» DATASET EXTRACT

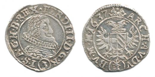 3 kr. 1637, Praha-Wolker MKČ 763 "sbírkový stav"
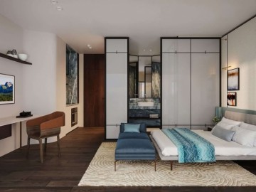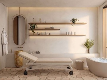 Acabamentos Premium: Bancadas em mármore com cubas de apoio ou semiencaixe e tratamento acústico nas tubulações.
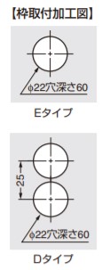 枠(側板)の上端または下端から約60mmの枠厚中心位置に、φ22mm、深さ60mmの穴加工を行い、ヒンジのチューブ部分を埋め込み、ねじ止めしてください。
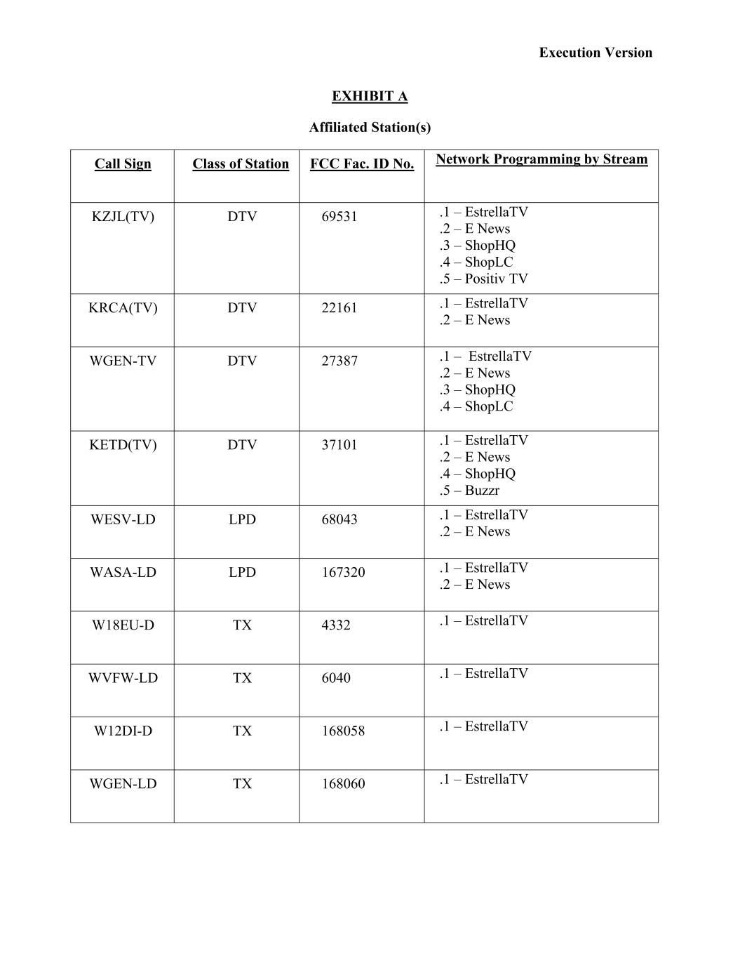 Execution Version EXHIBIT A Affiliated Station(s) Call Sign Class of Station FCC Fac. ID No. Network Programming by Stream KZJL(TV) DTV 69531 .1 – EstrellaTV .2 – E News .3 – ShopHQ .4 – ShopLC .5 – Positiv TV KRCA(TV) DTV 22161 .1 – EstrellaTV .2 – E News WGEN-TV DTV 27387 .1 – EstrellaTV .2 – E News .3 – ShopHQ .4 – ShopLC KETD(TV) DTV 37101 .1 – EstrellaTV .2 – E News .4 – ShopHQ .5 – Buzzr WESV-LD LPD 68043 .1 – EstrellaTV .2 – E News WASA-LD LPD 167320 .1 – EstrellaTV .2 – E News W18EU-D TX 4332 .1 – EstrellaTV WVFW-LD TX 6040 .1 – EstrellaTV W12DI-D TX 168058 .1 – EstrellaTV WGEN-LD TX 168060 .1 – EstrellaTV
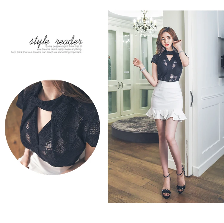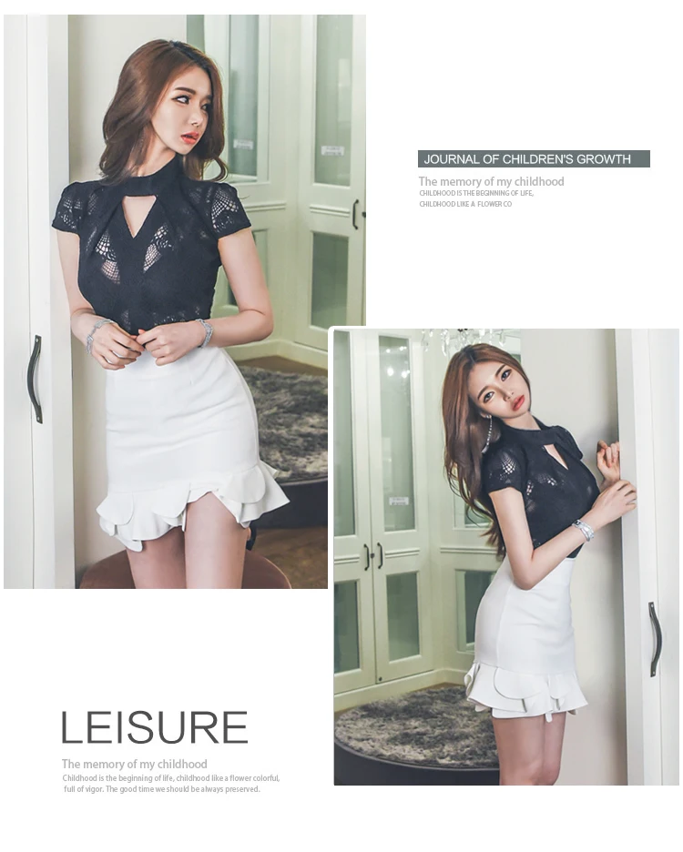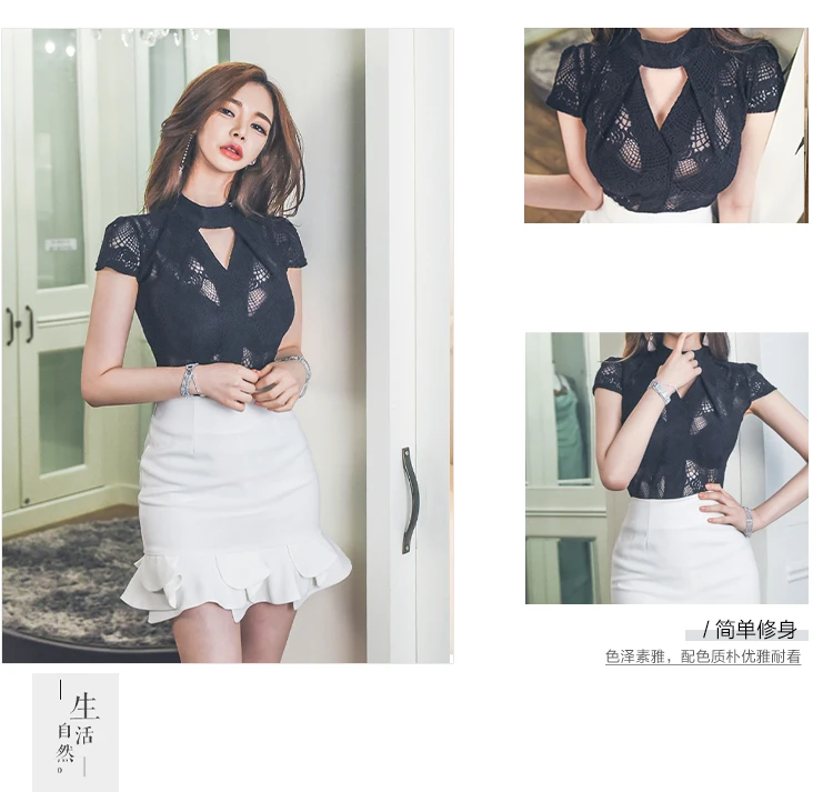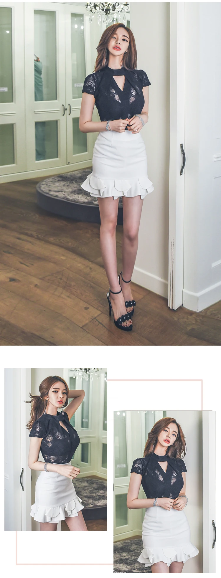 OL Work Wear 2 Pieces Set Women's Hollow Out Lace Blouses + High Waist Slim Mermaid Skirt Simple Korean Style Chic Skirt Suits
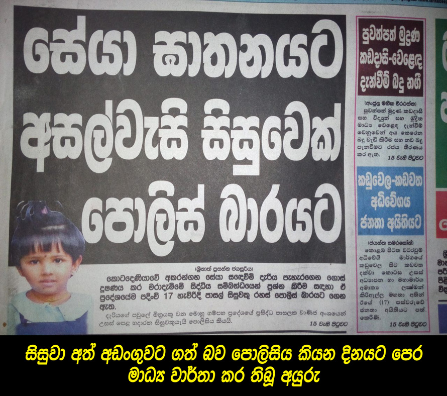 පාසල් සිසුවා සහ එක්දරු පියා අත්අඩංගුවට ගත්තේ සැප්තැම්බර 18 රාත්රී බවට පොලිසිය බොරු සටහන් යෙදුව ද 17 වැනි දා සහ 18 වැනි දා පුවත් පත් කිහිපයකම ගම්පහ ප්රසිද්ධ පාසලක සිසුවකු සහ 33 හැවිරිදි එක්දරු පියකු අත්අඩංගුවට ගෙන ප්රශ්න කරන බව වාර්තා කළේය. 18 සිකුරාදා ලංකාදීපයේ එය මුල් පුවත ලෙස පළ වී තිබුණේය.
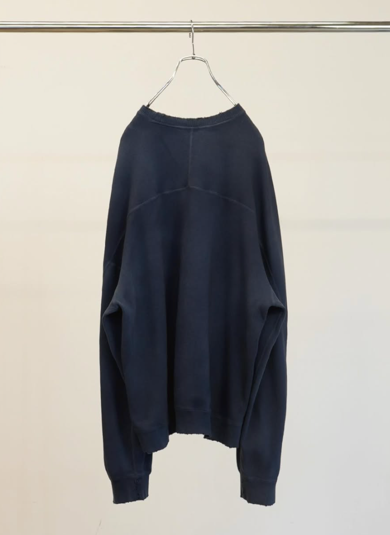 本来は肌着などに使われる肌当たりの良いスムースニットを改良し、太番手の糸を採用して開発することでスウェットに似た表情と心地良い弾力を加えております。染色でベースカラーを作り、さらに色を重ねることで表情に奥行きを持たせ、フェードとダメージでムードを作り込みました。

» WHAT TO DO
Could you output exactly the lines above, from the line with "Acabamentos Premium: Bancadas" up to and including the line with "枠(側板)の上端または下端か", and nothing else, skipping the pictures?

» EXERCISE OUTPUT
 Acabamentos Premium: Bancadas em mármore com cubas de apoio ou semiencaixe e tratamento acústico nas tubulações.
 枠(側板)の上端または下端から約60mmの枠厚中心位置に、φ22mm、深さ60mmの穴加工を行い、ヒンジのチューブ部分を埋め込み、ねじ止めしてください。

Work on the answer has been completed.